Teaching One-Step Equations is an important, foundational skill. Yet we often fail to teach it properly to our students. This incomplete comprehension of the skill causes our students to struggle as the rigor increases or as you move on to more difficult math concepts that build upon one-step equations.
The Issues and Solutions
1. Not Showing Work
As good math teachers, start by exposing the students to simpler problems to teach the technique, and then we increase the rigor.
x – 1 = 8 -12 = 3x
The issue this causes is that most of your students are smart enough to figure out the solution without doing the algebra needed to solve. Thus, when the problems get harder, the students do not have the tools to be able to solve the problem – then you must ‘reteach’ them the skill (though, it’s not really a reteach, since they never actually learned it.)
One easy way to combat this issue it to make your students show the work on the easier problems. Explain to them that you know that they know the answer without the work – but the purpose of this activity is not to see if they know what minus 1 equals 8, the purpose of this activity is to learn how to solve a one-step equation. I often remind my students as they are learning the skill that the problems will get harder, so learn the steps now or you won’t be able to do the work later.
Another easy method to help deter students from skipping the process of showing their work (or not learning how to properly do the steps) is to expose them to the harder questions at the beginning. This way your students understand why they need to learn how to show their work.
2. Lack of prerequisite skills
If your students did not master adding integers, subtracting integers, or multiplying and dividing integers, they will not be able to solve one-step equations.

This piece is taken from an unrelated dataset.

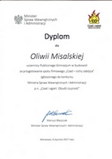 | Angelika Mucha z klasy Ic została nagrodzona w XIV edycji Konkursu Ekologicznego „Czystym powietrzem oddychajmy, ŚMIECI NIE SPALAJMY”, organizowanego przez Samorząd Województwa Mazowieckiego. W tej edycji gimnazjaliści musieli napisać wiersz nawiązujący do pojęcia „niskiej emisji”. Opiekunem literackim Angeliki była Pani Agnieszka Olejarz. |

Often, one-step equations have fractions or decimals involved, so your students must also know how to perform these skills as well.
Since these prerequisite skills will hinder my students from mastering this concept, I remediate my students based on what skill they have not mastered; ”skills based remediation.”
Since different students will need remediation on different skills, I build a learning station for each skill that reteaches the math concept, and then exposes the students to lots of practice with immediate feedback. We do station work every day, and my students stay in the station of the skill that they need remediation on until they master that skill. Then I progress them to the next, and then the next, until they can solve one-step equations.
Premade Learning Stations
3. Not understanding the equal sign
This may be a shocker for many teachers. It was for me when I first started witnessing it with my students. But many of our students don’t understand what the equal sign means.
The equal sign shows that the left side of the equation and the right side of the equation have the same value; they’re balanced. This is why whatever we do to one side of the equation, we must do to the other side – to keep them balanced.
Because students don’t understand this, they fail to perform the same operation to both sides of the equal sign.
You may have seen students perform the same operation to one side of the equal sign, twice! Or they will get confused when the variable is to the right of the equal sign (because they think that the equal sign means “solve”).
How many times have you showed students how to check their work on a one-step equation and they don’t understand why you’re doing it. I was always surprised when I’d do the ‘check your work’ on the board, show that both sides of the same resulted in the same answer, “ 8 = 8 “ but when I asked my students if ‘eight equals eight’ they didn’t know. This was because they didn’t understand what an equal sign is.
Students think the equal sign means “solve.” So when I ask if “ 8=8?” They read it, ‘8 solve 8,’ which of course makes no sense.
The first thing you should do to combat this issue is teach your students what the equal sign means. Teach it every day, several times a day. Ask them as they’re doing their work, entering the room, or when they ask to go to the bathroom, “What does the equal sign mean?” Engrain it into their thinking, “the equal sign means both sides of the equation have the same value.” Obviously you can use a different vocabulary to convey the same message,
The second thing you must do is make sure that you are exposing your students to problems that are not in the traditional equation format.
The traditional formatting of an equation is: 7 + x = 9
So rearrange it: x + 7 = 9 and 9 = x + 7
To go one step further, you can even show the traditional formatting of the equation to your students, and then ask them to tell it to you in a different setup.
The final method I recommend to combat this misunderstanding of the equal sign is a math game that helps students understand this concept and think about it critically. To play, you need two dice for every group of students and a piece of paper.
The game is a lot of fun, but it also helps students better understand how the equal sign works.